LE MANIFESTAZIONI CONTRO LA GUERRA
MINORANZE
 RUMOROSE
Minoranze rumorose,
 per ora sparute ma cresceranno, manifestano in piazza contro la
 guerra, una parte soltanto di loro ricordandosi che c'é stato
 un certo episodio terroristico l'11 settembre. 
 Altre minoranze poco
 rumorose ma pur esse reali avrebbero voluto e vorrebbero
 sfrecciare di aerei e missili nel cielo. 
 Per il resto sta
 diventando retorico il diffuso ripetere che deve essere guerra
 con i terroristi ma che non bisogna fare di tutt'erba un fascio
 evitando lo scontro fra i mondi occidentale ed arabo. Diciamo
 che sta diventando retorico perché é la fiera dell'ovvio di
 cui tutti sono avvertiti, tranne i fanatici, d'ogni parte che
 comunque non sono inclini a rispondere positivamente alle
 esortazioni e agli appelli.
 Che bisogno c'é di continuare a ripetere che non si tratta di
 fare la guerra all'Islam, che bisogna distinguere, che bisogna
 unire le forze e via dicendo? E' cosa talmente ovvia da non
 dover spendere né parole né tempo. 
 Per quanto ci riguarda pensiamo proprio di avere le carte in regola, perché su questo
 giornale si può leggere quanto abbiamo scritto poche ore dopo
 l'orrore dell'11 settembre, anche su Bill Laden che abbiamo
 l'impressione stia diventando, quantomeno sui mass-media, il capro espiatorio di
 tutto. 
 Non stiamo sollevando lo sceicco miliardario dalle sue
 responsabilità - si legga ancora quanto abbiamo, allora e non
 oggi, scritto in proposito -. Stiamo solo sottolineando il fatto
 che non c'é affatto  solo Bill Laden ma una sorta di cupola, e
 poi germi malefici di terrorismo in diverse parti del mondo, e
 poi il fanatismo oltranzista, e poi le complicità, e poi i fiancheggiatori,
 alcuni consapevoli, altri involontari ma non meno utili alla
 "causa", si fa per dire, degli assassini.
 Torniamo alle minoranze rumorose che manifestano "contro la
 guerra", una posizione apparentemente ineccepibile (chi
 può essere "a favore della guerra"?), ma che di fatto
 in questo momento sposta nettamente il problema, come vedremo
 avanti.
CHI SA, PER ESPERIENZA DIRETTA, COS'E'
 LA GUERRA?
 Pressoché nessuno di quelli che manifestano "contro la
 guerra" sa che cosa é veramente la guerra, se non da
 immagini o racconti dei e sui mass-media, ma per fortuna senza
 averla vissuta.
 Ebbene, prima di alcune valutazioni sul problema odierno, chi
 scrive si fermerà su alcune esperienze di guerra personali e dirette,
 rimaste scolpite nonostante gli allora soli otto anni di età, alle quali
 attingere per le valutazioni successive.

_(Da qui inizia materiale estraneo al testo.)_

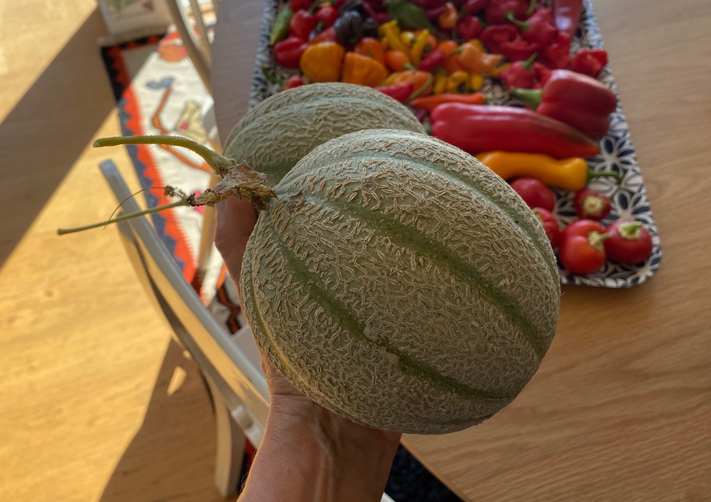 Just, mina nätmeloner… hur klarar de den här nattkylan! Bäst att skörda de två största. Blir spännande att se om de är mogna. Väntar med att dela dem tills Han är tillbaka från mötet med styrelsen och brygg–kommittén.
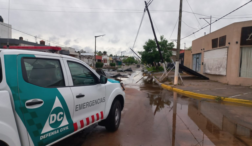 Por otra parte, el servicio eléctrico en la localidad se mantenía interrumpido como medida preventiva ante la caída de postes en diferentes lugares. También se registró pérdida de gas en una vivienda, lo que requirió el trabajo de Bomberos Voluntarios y la empresa Camuzzi.

Quali esperienze? Fra
 le tante, queste:
 - Una bomba che esplode al di là del muro maestro, che si apre
 in piccola parte ma che regge all'esplosione, salvandoci tutti
 mentre di là, nella casa accanto che si sbriciola, é una
 carneficina. E un'altra bomba a 3/4 metri dallo spigolo opposto
 della casa. Sentiamo ancora in gola e nel naso, ricordando
 l'evento, l'irritazione per quell'infiltrarsi acre dei gas liberati con lo
 scoppio. E i soccorsi successivi, di ore, diretti da mio padre
 con un complesso intervento e in lotta col tempo per
 evitare che il cumulo di macerie seppellisse definitivamente chi
 era ancora vivo, imprigionato fra esse. Un intervento di alta
 ingegneria talmente complesso che forse non avrà più avuto
 occasione di fare neppure quando progettava dighe, che alla fine
 valse  salvare vite
 umane considerate ormai perse.
 - Altre bombe, tante, a Pontremoli, obiettivo il cantiere della
 Falck, testimoni molti valtellinesi là impegnati in opere
 idroelettriche.
 Quelle, 20 o 30, sì bombe intelligenti, esplose
 simultaneamente con
 colpi secchi che rompevano i timpani, fra una casa e l'altra, ma
intelligentemente sfiorandole e sfiorandoci per 5/6 metri, una
 addirittura per un metro, nonché fra
 una baracca e l'altra del cantiere, senza il minimo danno tranne
 i buchi nel terreno e risparmiando persino i
 piccoli orticelli attigui alle case.
 - Sette aerei in picchiata, diretti verso di me - così sembrava
 - tanto da trovare poi intorno alla mia bicicletta i colpi delle
 mitragliere di bordo.
 - L'aereo visto precipitare, colpito dalla contraerea, poco
 distante, e il giorno dopo i cadaveri dei piloti ai quali un
 plotone rendeva gli onori militari mentre un sacerdote impartiva
 la sua benedizione.
 - I due aerei a bassissima quota, visti dalla finestra del bagno
 di casa mia a Ponte, che puntavano su un furgoncino, bloccatosi
 davanti alla stazione di Chiuro, mentre l'autista scappava a
 velocità folle nei prati, con due striscie di fuoco partite
 dalle ali che raggiungevano, incendiandolo, il veicolo.
 Ce ne sarebbe per così da raccontare.
 Ebbene vorrei far pensare a chi non ha provato cosa vuol dire il rumore
 dell'aereo, il sibilo della bomba che scende mentre la gente si
 abbraccia stretta, e poi quella variazione dell'effetto Doppler
 che fa capire che non é arrivata la nostra ora e che la bomba
 finirà invece su poveri sfortunati, e, dopo due o tre secondi,
 l'esplosione. La casa che trema, la gente che piange per lo
 scampato pericolo ma che piange anche per chi, a due passi da
 noi, é stato meno fortunato.
 Ma vorrei far pensare anche a molto meno. Per esempio al treno
 Milano-Sondrio, quasi tutto di carri-bestiame con panche in
 legno cui sedersi, che si ferma e subito é il terrore. Tutti ai
 finestrini per guardare il cielo, se ci sono gli aerei, e i
 ferrovieri che urlano, invitando alla calma perché il treno non
 si é fermato per un attacco aereo ma perché il semaforo é
 rosso...
COME SI FA A NON ESSERE CONTRO LA
 GUERRA?
Come si fa, per chi l'ha vissuta, a non essere contro
 la guerra?
 Vite umane perdute. 
 Ho visto, di uno di quegli aviatori morti di cui parlavo prima,
 alcuni effetti personali, fra cui una sua foto con i suoi cari.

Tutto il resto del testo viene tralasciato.